There are topics on this thread that cross into my day job, so while I don't know a Southbridge from a NAND, I have thoughts about the security. Smartcard chips that are cropping up on US credit cards and have been on European ones for years contain several secured and unsecured containers. They also contain all the logic to perform all the necessary (typically RSA) algorithms for decryption. Because the private key and the decryption code are on the same chip, the decrypted private key never travels off the smartcard. People on this thread have said that it is possible that the key is on the CPU. If that's possible, it's also just as possible that the RSA logic is also on the CPU, forcing all crypto operations to route directly through the CPU, including the decryption of the encrypted parts of the BIOS on the NAND that are accessed once the CPU and its crypto are POSTed by cleartext BIOS code.
It is feasible that each 360 has a public and private key pair, with the public key wrapped by a digital certificate that is accessible by MS's manufacturing partners in real time during the assembly process with a secure LDAP connection. RSA algorithms provide that when content is encrypted using a device's public key, only that device's private key can decrypt the data. The final box assembly manufacturers would be able to use the public key to encrypt the BIOS without ever knowing or handling the private key.
I hate to oversimplify in such a technically competent audience, but this is the fundamental security behind SSL and every secure transaction on the internet on which the world's economy relies.
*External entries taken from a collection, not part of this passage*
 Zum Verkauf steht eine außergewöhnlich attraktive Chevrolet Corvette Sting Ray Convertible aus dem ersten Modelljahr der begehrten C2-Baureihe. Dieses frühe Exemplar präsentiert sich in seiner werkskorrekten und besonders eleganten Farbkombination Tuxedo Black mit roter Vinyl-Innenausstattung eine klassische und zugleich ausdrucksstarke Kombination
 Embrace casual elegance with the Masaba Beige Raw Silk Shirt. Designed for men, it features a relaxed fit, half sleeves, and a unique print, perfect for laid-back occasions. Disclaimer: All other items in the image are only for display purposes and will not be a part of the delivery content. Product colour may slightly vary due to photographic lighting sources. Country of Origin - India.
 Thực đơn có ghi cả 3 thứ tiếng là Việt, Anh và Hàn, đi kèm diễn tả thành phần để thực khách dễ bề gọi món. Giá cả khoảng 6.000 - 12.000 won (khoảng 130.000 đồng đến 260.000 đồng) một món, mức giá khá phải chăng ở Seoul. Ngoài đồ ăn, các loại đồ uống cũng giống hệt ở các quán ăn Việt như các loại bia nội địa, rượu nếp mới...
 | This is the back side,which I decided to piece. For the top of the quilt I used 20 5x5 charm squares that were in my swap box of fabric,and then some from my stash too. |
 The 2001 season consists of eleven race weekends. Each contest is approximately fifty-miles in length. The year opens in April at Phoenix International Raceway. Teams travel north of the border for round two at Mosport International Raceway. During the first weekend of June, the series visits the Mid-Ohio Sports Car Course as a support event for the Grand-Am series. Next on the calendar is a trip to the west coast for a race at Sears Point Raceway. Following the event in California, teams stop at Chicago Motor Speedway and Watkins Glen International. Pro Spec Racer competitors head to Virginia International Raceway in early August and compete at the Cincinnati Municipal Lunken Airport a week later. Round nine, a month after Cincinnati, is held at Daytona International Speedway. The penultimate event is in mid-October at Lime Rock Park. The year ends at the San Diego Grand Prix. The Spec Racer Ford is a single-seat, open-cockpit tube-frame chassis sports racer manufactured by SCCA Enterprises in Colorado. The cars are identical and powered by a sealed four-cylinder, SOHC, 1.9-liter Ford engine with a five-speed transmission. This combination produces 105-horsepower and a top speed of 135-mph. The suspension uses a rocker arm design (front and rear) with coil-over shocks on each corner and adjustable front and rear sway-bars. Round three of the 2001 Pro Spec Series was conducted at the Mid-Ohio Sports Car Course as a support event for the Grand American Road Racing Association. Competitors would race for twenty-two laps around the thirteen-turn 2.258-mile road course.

So MS has a copy of every Xbox's digital certificate in an Active Directory. Buying premium content over Xbox Live means the content has to be signed with your unique digital certificate so you can't share it with your friends who haven't paid. Same with BIOS updates, if any. They have to be signed with your public key so that the private key on your CPU can decrypt the encrypted parts of the BIOS during the last stages of the POST.
Great, rock solid concept if everyone has XBox Live. Falls to crap as soon as MS has a critical patch they must release to all customers including those with no internet access. It would be logistically unreasonable to ship each customer a unique update DVD. It would also make no sense to put the device's public key on the box because modders could simply use it to create legitimately signed alternate BIOS code.
However, if now and forever security will trump field upgrades for people without internet, all of this works and it is as easy to defeat without hardware mods as the security that keeps our economy intact. Including hardware mods, it's as easy as replacing the PowerPC and whatever miscellaneous baggage and clothing it happens to be carrying and wearing.
There are as many other ways to do this as people that post on this thread, so while MS has proven they are public key crypto aware in their operating systems, this is all a load of uselessness until someone proves MS used mainstream RSA crypto and CPU-based hardware security.